Post questions here relative to DataStage Server Edition for such areas as Server job design, DS Basic, Routines, Job Sequences, etc.

Moderators: chulett, rschirm, roy

Post Reply
theverma
Participant
Posts: 91
Joined: Tue Jul 18, 2006 10:41 am
Location: India

Wanted Comments on the expected run time.

Post by theverma »

Hello friends,
I have a Job Sequence consisting of two Jobs.
I am providing you with the number of stages and some expected data that the jobs are expected to handle :

First Job : 17 Look-ups (12 using Hashed File and 5 using Database tables).Average Rows in a hashed file is around 2000-3000.Database tables references will have less than 200 rows.
7 Transformers.
8 IPCs.
Source is a Sequential file containing around 5000 rows and target is two Database tables.

Second Job : 12 Look-ups (9 using Hashed File and 3 using Datastage tables).Average Rows in 6 hashed filea is around 800-1000 and 3 hashed file would have 2000-3000 rows.Database tables references will have less than 200 rows.
6 Transformers.
3 IPCs.
Source is a Sequential file containing around 30 Million rows and target is three tables.
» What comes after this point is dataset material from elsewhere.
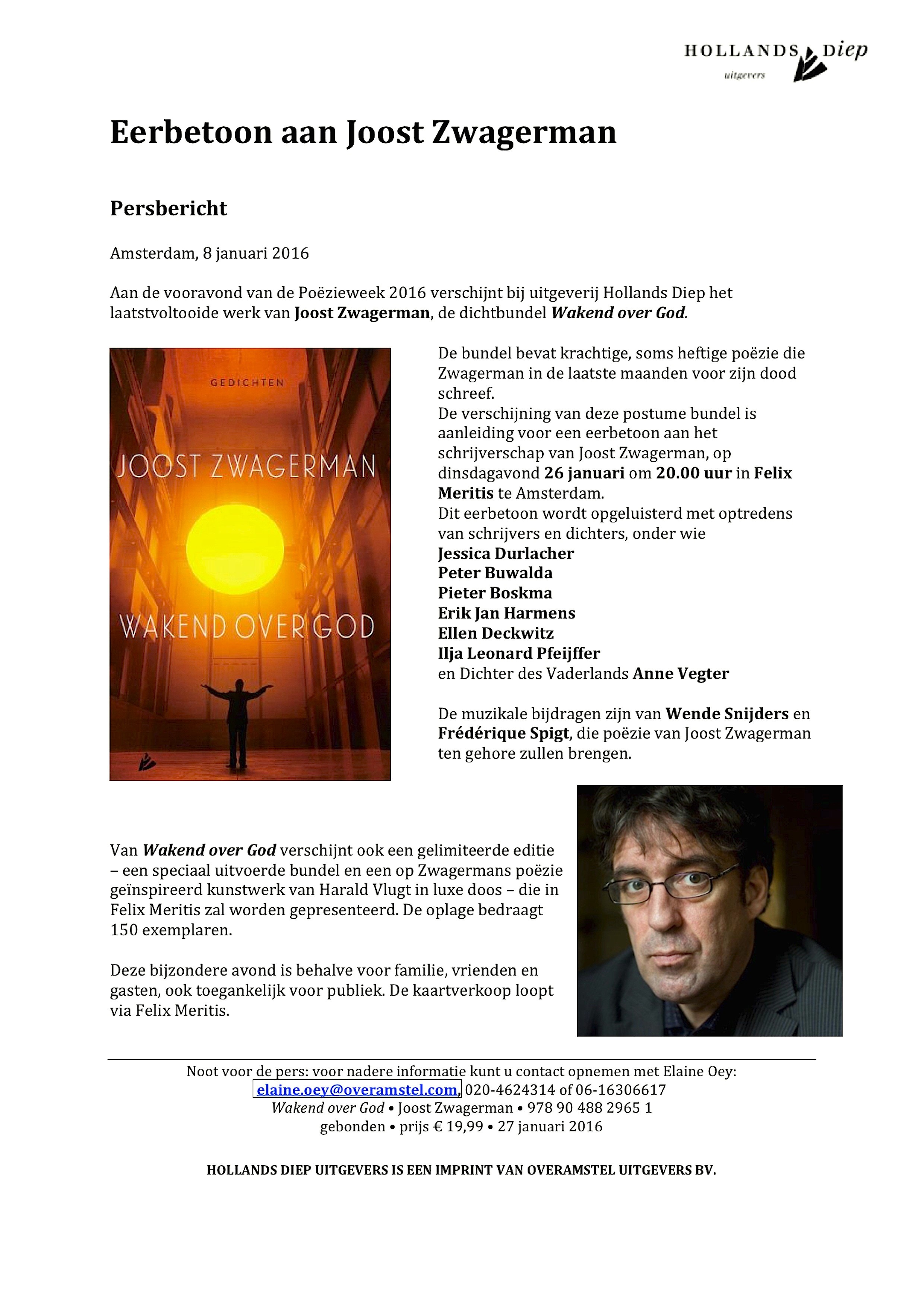 Hollands Diep – Persbericht: Eerbetoon aan Joost Zwagerman 21 januari 2016Gimmick, Home, Locatie, Media, Portretten0 Dit delen: Klik om te delen op Facebook (Opent in een nieuw venster) Facebook Klik om te delen op X (Opent in een nieuw venster) X

We are in development phase right now and the above is is the expected Data that the jobs have to handle.

Please post ur comments on the expected time the Job Sequence will take to complete the execution.

Ur comments are very important for me....

Thanx in advance!!!
Arun Verma
Kirtikumar
Participant
Posts: 437
Joined: Fri Oct 15, 2004 6:13 am
Location: Pune, India

Post by Kirtikumar »

The expected time depends on ur hardware.

Why u want to know the expected time in advance?
Run the in development env and u will get the exact time rather than spending time to calc or guess expected time to run.
Regards,
S. Kirtikumar.
jhmckeever
Premium Member
Premium Member
Posts: 301
Joined: Thu Jul 14, 2005 10:27 am
Location: Melbourne, Australia
Contact:

Post by jhmckeever »

theverma,

That's a buit like saying "How fast does a car go?" It really does depend on many factors: hardware/software landscape, job design, etc.

I've worked alongside IBM when clients have asked the same question and they'll tell you the only way to infer any likely performance characteristics is to extrapolate from a run of sample of data through the hardware/software/jobs you're planning to use for production.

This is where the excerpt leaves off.